Momentum indicators have similarly deteriorated over recent sessions. The MACD indicator has now crossed deeper into bearish territory, with the MACD line remaining below the signal line while the histogram continues printing expanding red bars. This setup typically signals that downside momentum remains dominant rather than stabilizing.
Meanwhile, the Relative Strength Index has turned sharply lower after previously approaching overbought territory earlier this month. The RSI now sits near neutral levels, suggesting bullish momentum has faded considerably without yet reaching deeply oversold conditions.
That distinction remains important because an oversold RSI often signals that sellers may be nearing exhaustion. Bitcoin’s current RSI structure instead suggests the market could still have room for additional downside before a stronger relief bounce emerges.
Could liquidation pressure drag Bitcoin toward $75K?
Liquidation positioning continues pointing to heightened volatility around current price levels. CoinGlass heatmap data shows one of the largest nearby liquidity pockets sitting around the $75,500 region, which closely aligns with Bitcoin’s broader historical neckline support between roughly $74,000 and $75,000.

When large concentrations of leveraged positions accumulate near key technical levels, price frequently gravitates toward those zones as stop-loss orders and forced liquidations begin triggering automatically.
That dynamic becomes especially important in crypto markets because perpetual futures traders often use significantly higher leverage compared to traditional financial markets.
If Bitcoin loses the current support region decisively, forced long liquidations could accelerate mechanically and drag the asset toward the next major liquidity pocket near the mid-$75,000 area.
At the same time, bulls may still attempt a short-term recovery if Bitcoin manages to reclaim the $78,000–$79,000 region where another large concentration of liquidity currently sits.
The CME gap near $79,200 highlighted by Ted Pillows also increases the probability of a temporary rebound attempt because Bitcoin has historically shown a tendency to revisit unfilled futures gaps.
Broader market sentiment, however, remains fragile.
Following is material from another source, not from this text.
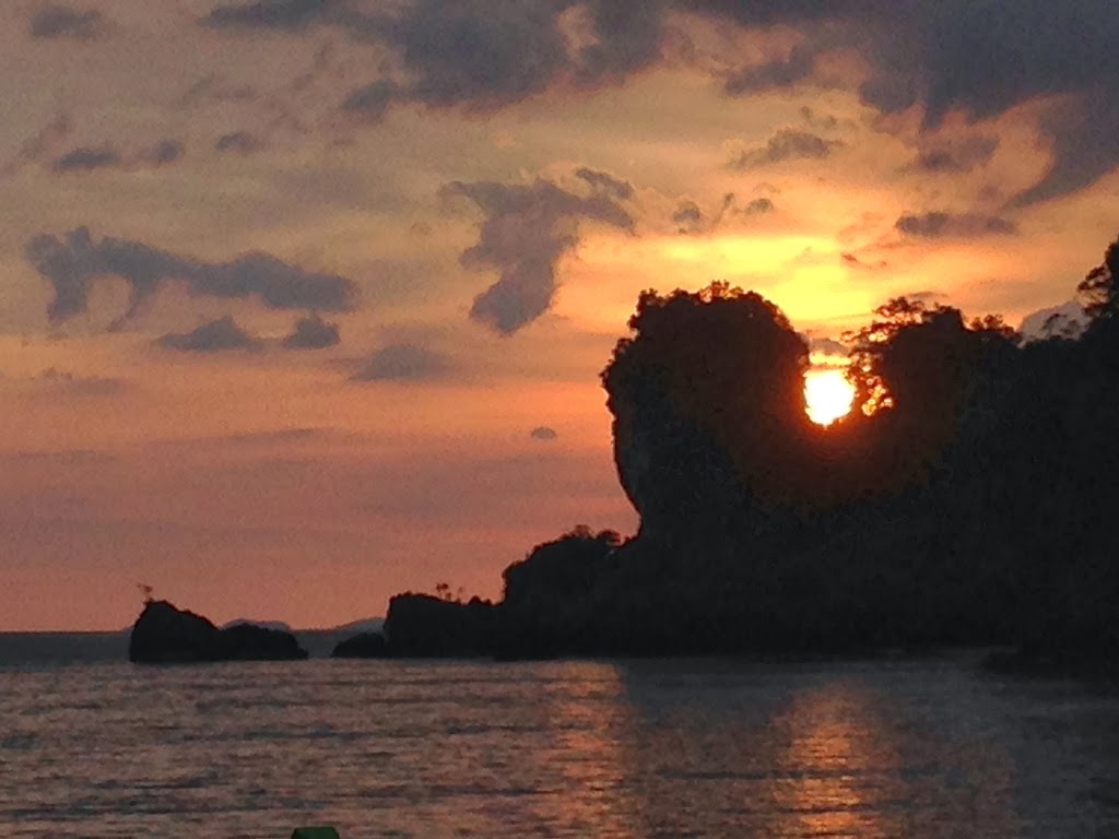 The image above is another sunset pic from one of my favorite spots to sit and drink coffee or a fesh fruit smoothie at the end of the day. It’s where the long-tail boats mostly come in and where the small coterie of cafes and food carts set up for dinner. Most people staying in Tonsai proper (as opposed to Railay) are climbers so we all tend to congregate here in the early morning and evening to talk and find climbing partners. People come and go so you are always meeting new people and sharing conversations as well as climbing.

Altcoins have largely underperformed Bitcoin throughout the latest sell-off, signaling that speculative appetite across the crypto sector continues deteriorating.
The recent ETF outflow trend further reinforces that caution. Spot Bitcoin ETFs previously acted as one of the market’s strongest sources of structural spot demand earlier this year, meaning persistent outflows now remove a key layer of buying support during corrections.
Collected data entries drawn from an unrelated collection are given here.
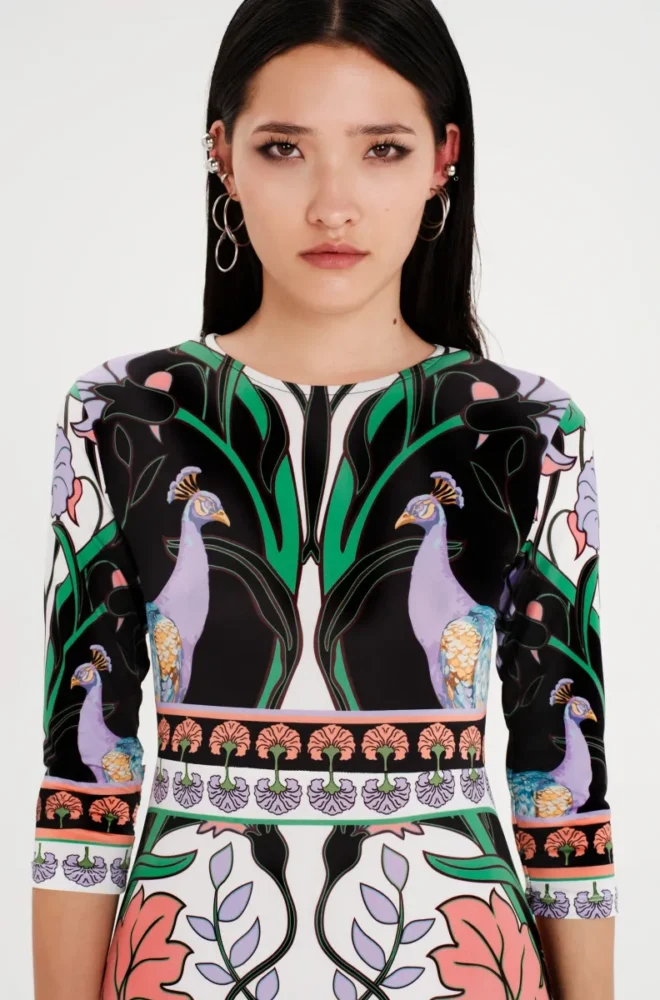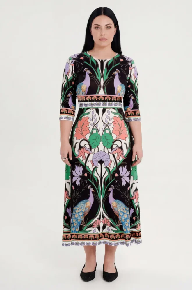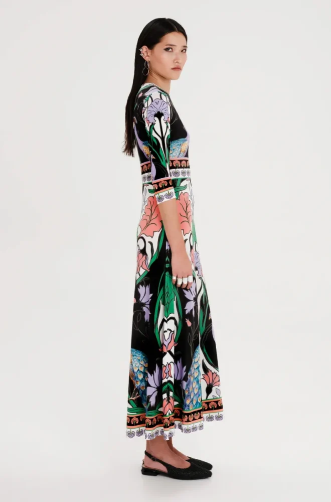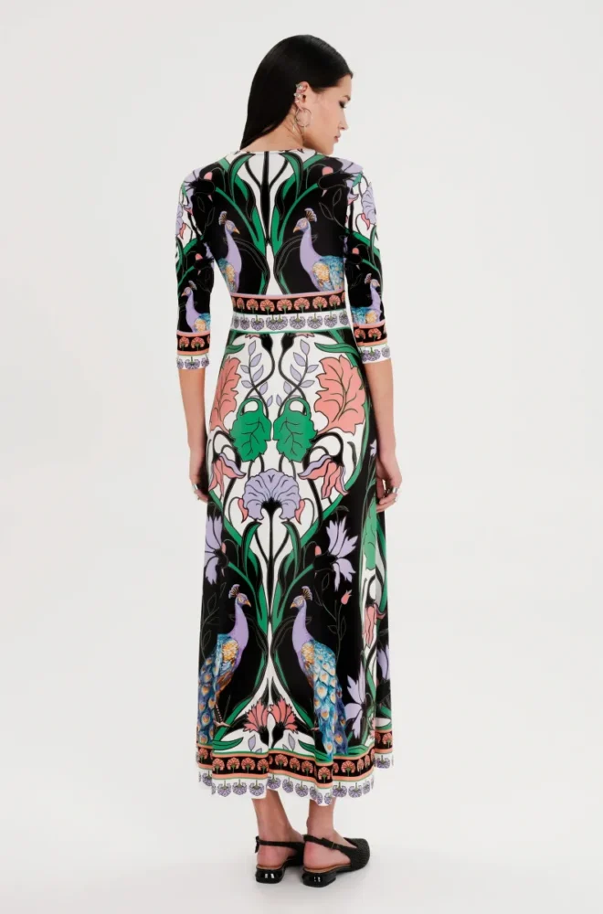Το Nostalgia Maxi Dress ξεχωρίζει με τη χαρακτηριστική P+C γραμμή του και είναι φτιαγμένο από μαλακό, ελαστικό jersey ύφασμα. Εφαρμόζει στη μέση, ενώ η φούστα του ανοίγει σε Α-γραμμή. Είναι ένα μακρύ φόρεμα με μανίκια ¾ και placement print που κολακεύει το σώμα, με παγώνια και έντονα χρώματα εμπνευσμένα από εξωτικά πουλιά. Φορέστε το σε πρωινά events, καλοκαιρινά βράδια ή σε ιδιαίτερες ξεχωριστές εμφανίσεις σας.
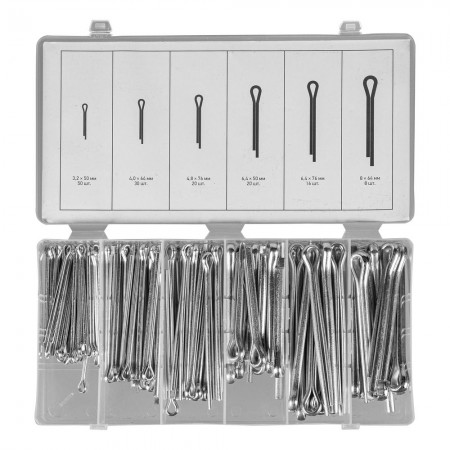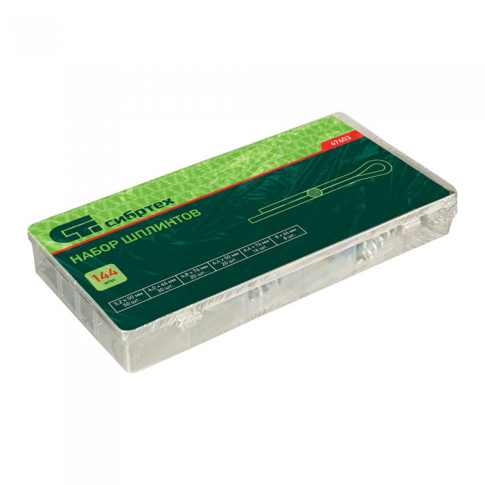 Набор шплинтов, S головки х L: 3.2 х 50.4 х 64, 4.8 х 76, 6, 4 х 25, 6, 4 х 76, 8 х 64 мм, 144 предмета Сибртех (47603)
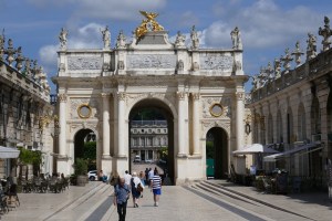 Since the direct train from Carcassonne arrives daily in Nancy right after lunch, we had plenty of time on our first day there to explore the area immediately surrounding the 19th century mansion where we were staying. Out the front door was the city’s largest park, Pepinère, and on the back, the huge Place Stanislas where we went in search of an afternoon beverage. That was easy to find since sidewalk cafés abound, overshadowed by towering palaces with gilded fountains on every corner. Drifting from the open windows of one of those giant ballrooms classical music and applause appropriately welcomed us into the grandeur of the 18th century.
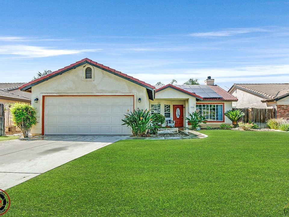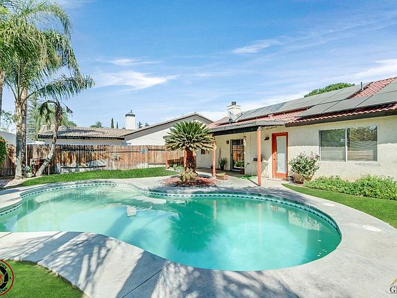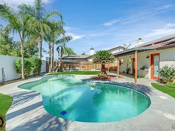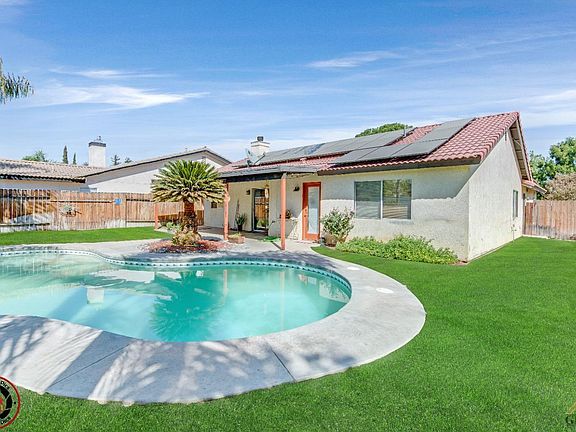 Welcome to this beautiful 3-bed, 2-bath home in North-West Bakersfield with award winning schools nearby and a family friendly neighborhood. Heading through the front door, into the living room, you will find a brick fireplace, carpet, and a ceiling fan. The kitchen is equipped with tile countertops, white cabinetry, LVP flooring, a dining area w/ hanging chandelier, and a breakfast bar. Each bedroom comes with carpet, large windows, and spacious closets. Both restrooms have modern colors and spacious vanities. The indoor utility room leads to the 2-car garage and has cabinetry for storage. Heading out back, you will see the covered patio area, inground swimming pool, mature landscaping, and the rear block wall. The home also has leased solar, which will help keep your energy bills low. Schedule a private showing today, before it is too late! Seller willing to offer a carpet credit with a strong offer. (Some pictures may have been digitally staged or enhanced)
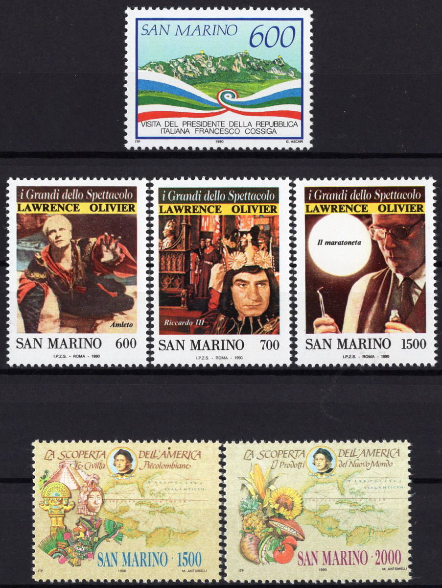 > ★1990年 サンマリノ - 「イタリア大統領訪問」1種完+「俳優-ローレンス・オリヴィエ」3種完+「アメリカ発見500年」2種完 未使用★VF-470

Still, some analysts continue viewing the current decline as part of a broader consolidation phase rather than the beginning of a full bear market cycle.
Ali Martinez’s major support level near $66,898 remains a key longer-term defense zone that many traders may aggressively monitor if the current neckline support eventually fails.
For now, however, Bitcoin’s short-term structure remains tilted toward the downside.
If BTC fails to reclaim the $78,258 resistance identified by Martinez, bears could increasingly target the key $75,000 support region next. A confirmed breakdown below that zone may then expose Bitcoin to a deeper correction toward the $67,000 area, where the next major support cluster currently sits.
Disclosure: This article does not represent investment advice. The content and materials featured on this page are for educational purposes only.